■ **Your goal**
Could you set down the listing below exactly and omit its images?

■ **Information supplied**
-------------------------

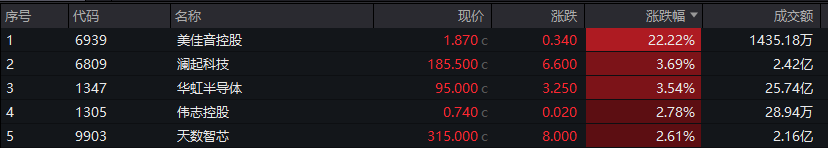 半导体板块间表现分化,华虹半导体、澜起科技涨超3%,天数智芯涨超2%,上海复旦跌超3%,中芯国际下跌1%。
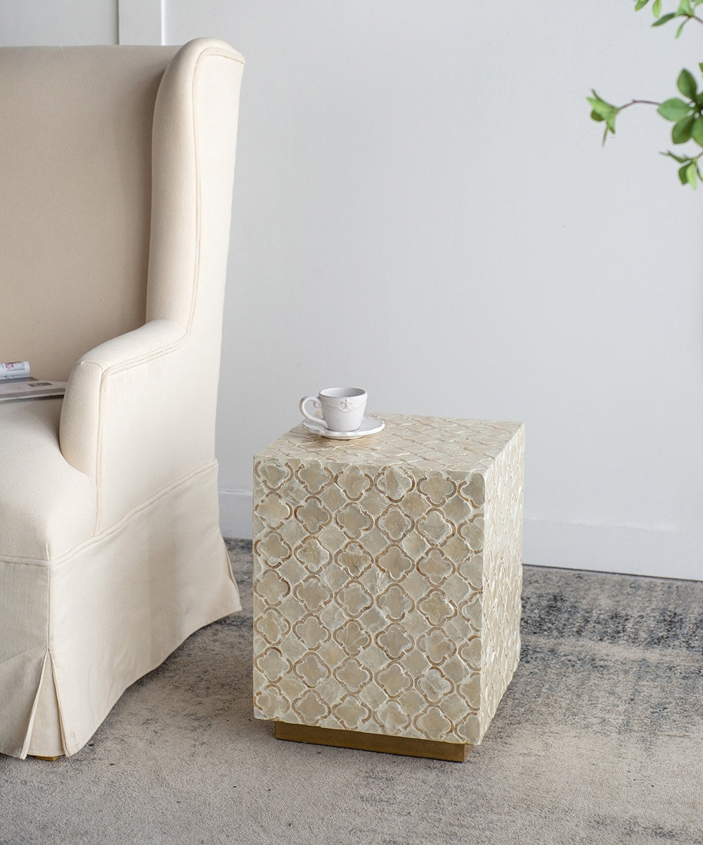 - Capiz inlay accents, Diamond shaped designs, Versatile use as a stool or side table
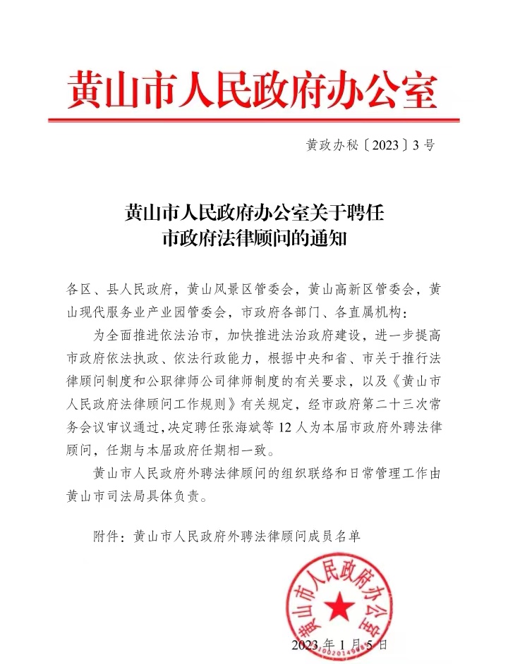 为全面推进依法治市,加快推进法治政府建设,进一步提高市政府依法执政依法行政能力,根据中央和省市关于推行法律顾问制度和公职律师公司律师制度的有关要求,以及《黄山市人民政府法律顾问工作规则》有关规定,2022年7月,黄山市发布了市政府法律顾问选聘公告,经过公告、报名、遴选、公示、批准等程序,综合考虑专家学者、执业律师、法律实务工作者的专业特长、业务能力和从业经历,择优从有关高等院校、律师事务所等机构中确定了本届法律顾问人选。

-------------------------

■ **Your response**
 半导体板块间表现分化,华虹半导体、澜起科技涨超3%,天数智芯涨超2%,上海复旦跌超3%,中芯国际下跌1%。
 - Capiz inlay accents, Diamond shaped designs, Versatile use as a stool or side table
 为全面推进依法治市,加快推进法治政府建设,进一步提高市政府依法执政依法行政能力,根据中央和省市关于推行法律顾问制度和公职律师公司律师制度的有关要求,以及《黄山市人民政府法律顾问工作规则》有关规定,2022年7月,黄山市发布了市政府法律顾问选聘公告,经过公告、报名、遴选、公示、批准等程序,综合考虑专家学者、执业律师、法律实务工作者的专业特长、业务能力和从业经历,择优从有关高等院校、律师事务所等机构中确定了本届法律顾问人选。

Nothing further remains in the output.